In the code above the implicit variable has been defined just before invoking methods and it has been named like the argument in the signature (now).
However the implicit date can be declared also as class field and with a different name:

1
2
3
4
5
6
7
8
9
10
object MyApp {
  private implicit val d: LocalDateTime = LocalDateTime.now()
  def main(args: Array[String]): Unit = {
    FoldersCreator.createDateFolderTree("/home/dave/Desktop")
    FoldersCreator.createDateFolderTree("/home/dave/Desktop/backup")
  }
}

If we define several implicit val, we may face a resolution exception.
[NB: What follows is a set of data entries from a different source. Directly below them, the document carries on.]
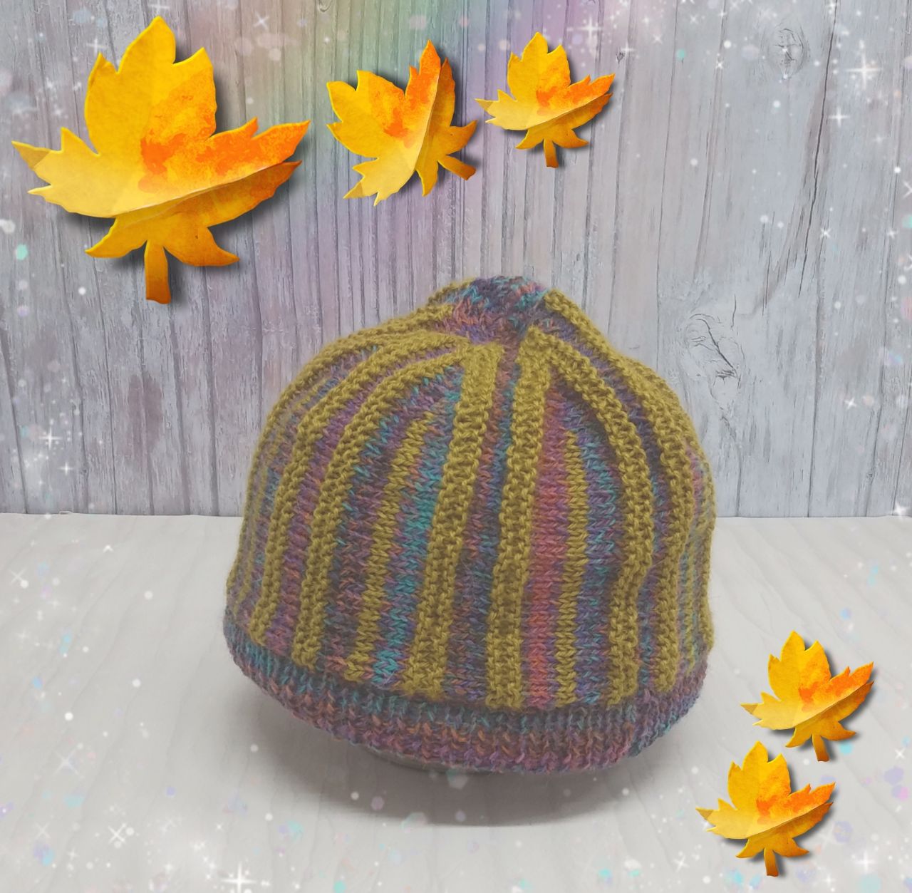 『らみん』のグラデーションとピュアアルパカの優しいカラーが絶妙なバランスで、可愛いらしく、上品なニットキャップの完成です。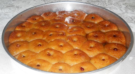 Tatlı pişince şerbet ve tatlı sıcakken şerbeti dökün ve fırına atıp pişirmeye devam edin.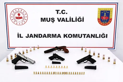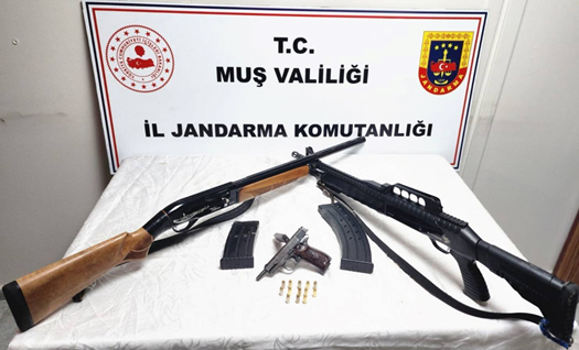 Bulanık ilçesinde de benzer kapsamda gerçekleştirilen operasyonda bir şüphelinin aracı ve ikametinde arama yapıldı. Jandarma ekiplerinin yürüttüğü çalışmalar çerçevesinde yapılan aramalarda 3 farklı marka tabanca, 3 tabanca şarjörü, 59 tabanca fişeği, 1 ruhsatsız av tüfeği ve 15 av tüfeği fişeği ele geçirildi.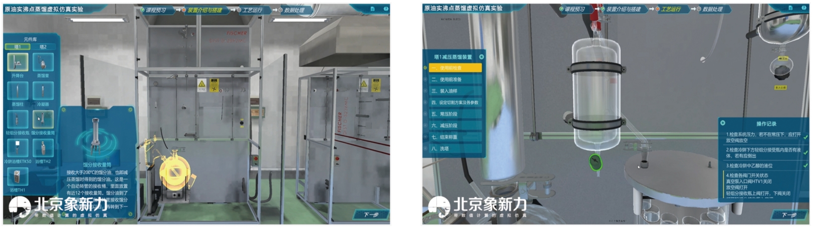 3. 逼真的实验场景模拟:模拟了真实的实验场景,用户可以在虚拟平台的实验室三维场景中漫游,搭建实验设备,以任意角度查看实验设备,观察实验现象。这有助于学生更好地理解原油实沸点蒸馏实验步骤详解,同时也能让学生提前了解实验室原油蒸馏设备的外观和操作方式。

For example if we add a new implicit val of the same type (LocalDateTime) to the previous code:

1
2
3
4
5
6
7
8
9
10
11
object MyApp {
  private implicit val date: LocalDateTime = LocalDateTime.now()
  private implicit val now: LocalDateTime = LocalDateTime.of(2020, 1, 1, 20, 30)
  def main(args: Array[String]): Unit = {
    FoldersCreator.createDateFolderTree("/home/dave/Desktop")
    FoldersCreator.createDateFolderTree("/home/dave/Desktop/backup")
  }
}

We will get:

1
2
3
4
Error:(11, 40) ambiguous implicit values:
 both value date in object AppWithImplicitsVariables of type => java.time.LocalDateTime
 and value now in object AppWithImplicitsVariables of type => java.time.LocalDateTime
 match expected type java.time.LocalDateTime

This is a further proof that variable names don’t matter, only type does and if two variables with the same type are found in the scope the compiler doesn’t know which one to pick up.
Obviously in this case the problem is immediately spottable, but in a real application it might be harder to discover where is the conflict, especially if there are many classes with many implicits, generics and so on.

Implicit constructors

Like methods even constructor can be composed by implicit arguments.

1
2
3
4
5
6
7
8
9
10
11
12
13
14
15
16
17
// an "injectable" object
class Bar
// a class with the implicit
class Foo(implicit val bar: Bar)
// tests app
object FooBarApp {
  private implicit val bar: Bar = new Bar
  def main(args: Array[String]): Unit = {
    val foo: Foo = new Foo
    println(foo.bar.getClass.getName)
  }
}

Final thoughts

The examples that I provided in this post are intentionally dumb and short, however with Scala implicit is possible to achieve complex tasks and automatically data conversion. For example Spark use this feature quite heavily for data encoding. Anyway this powerful tool should be used carefully and not abused in order to avoid painful situations.